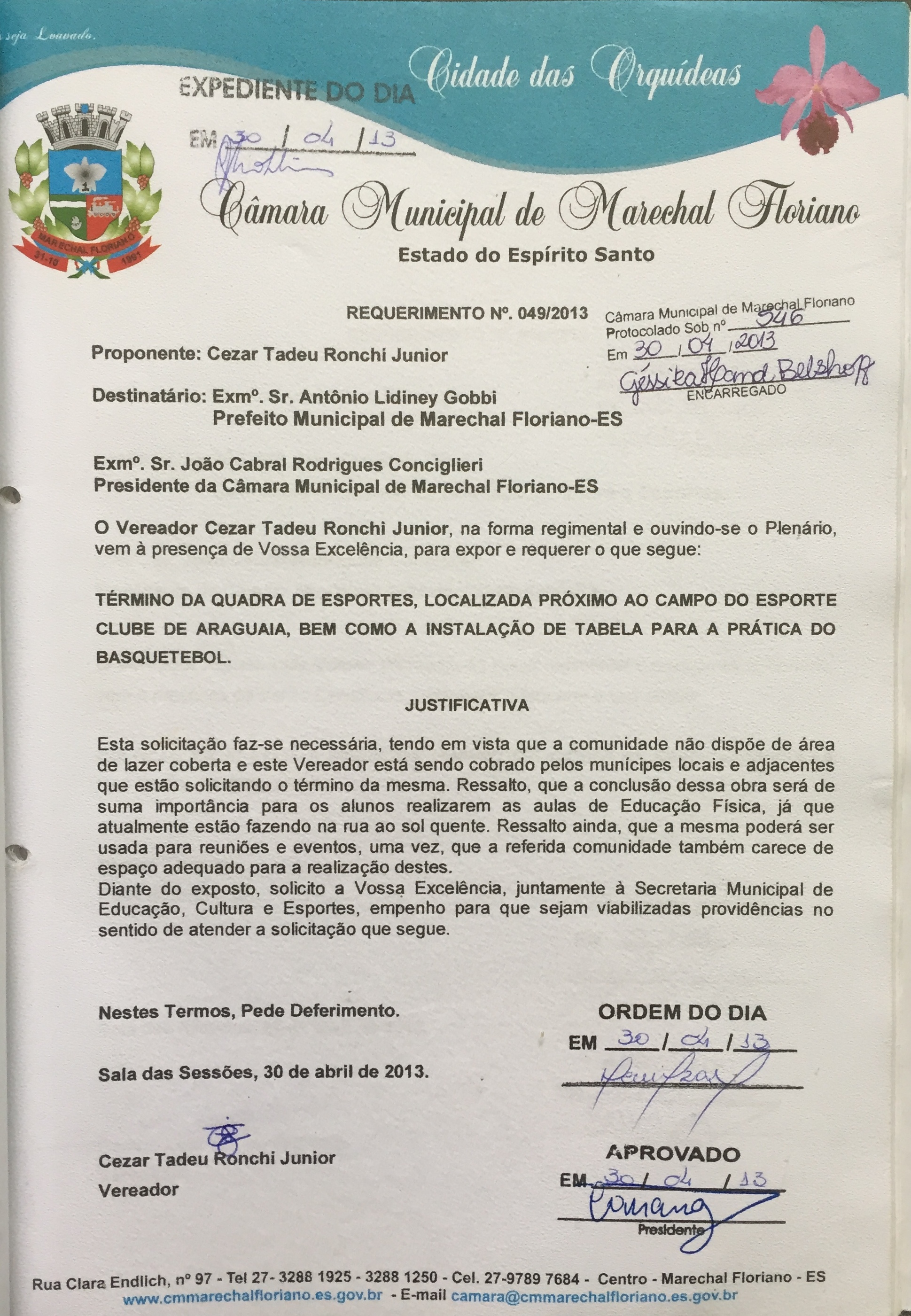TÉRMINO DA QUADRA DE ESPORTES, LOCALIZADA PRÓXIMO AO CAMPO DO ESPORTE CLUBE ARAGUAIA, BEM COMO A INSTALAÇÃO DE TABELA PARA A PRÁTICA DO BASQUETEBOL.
####################
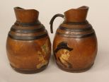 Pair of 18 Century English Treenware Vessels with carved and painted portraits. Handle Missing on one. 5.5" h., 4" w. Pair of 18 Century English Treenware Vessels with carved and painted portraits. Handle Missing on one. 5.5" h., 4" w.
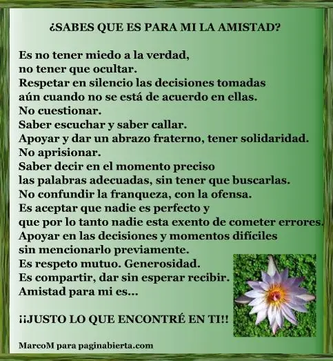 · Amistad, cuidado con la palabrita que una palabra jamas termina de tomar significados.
####################
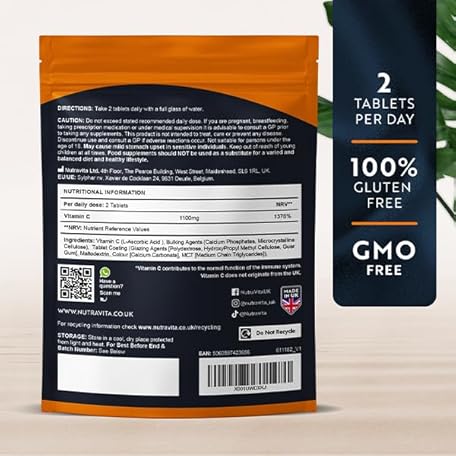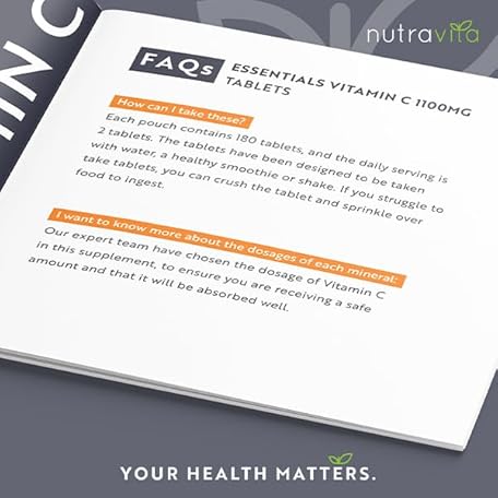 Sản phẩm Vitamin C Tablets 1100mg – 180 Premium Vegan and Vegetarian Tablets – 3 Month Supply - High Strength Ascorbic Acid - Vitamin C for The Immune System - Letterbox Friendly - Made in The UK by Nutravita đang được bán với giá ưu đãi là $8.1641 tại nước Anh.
####################
For this exercise, transcribe exactly the part of the records above that opens with the line containing "w. Pair of 18" and closes with the one containing "de tomar significados.". Pictures are not part of the copy.

 Pair of 18 Century English Treenware Vessels with carved and painted portraits. Handle Missing on one. 5.5" h., 4" w. Pair of 18 Century English Treenware Vessels with carved and painted portraits. Handle Missing on one. 5.5" h., 4" w.
 · Amistad, cuidado con la palabrita que una palabra jamas termina de tomar significados.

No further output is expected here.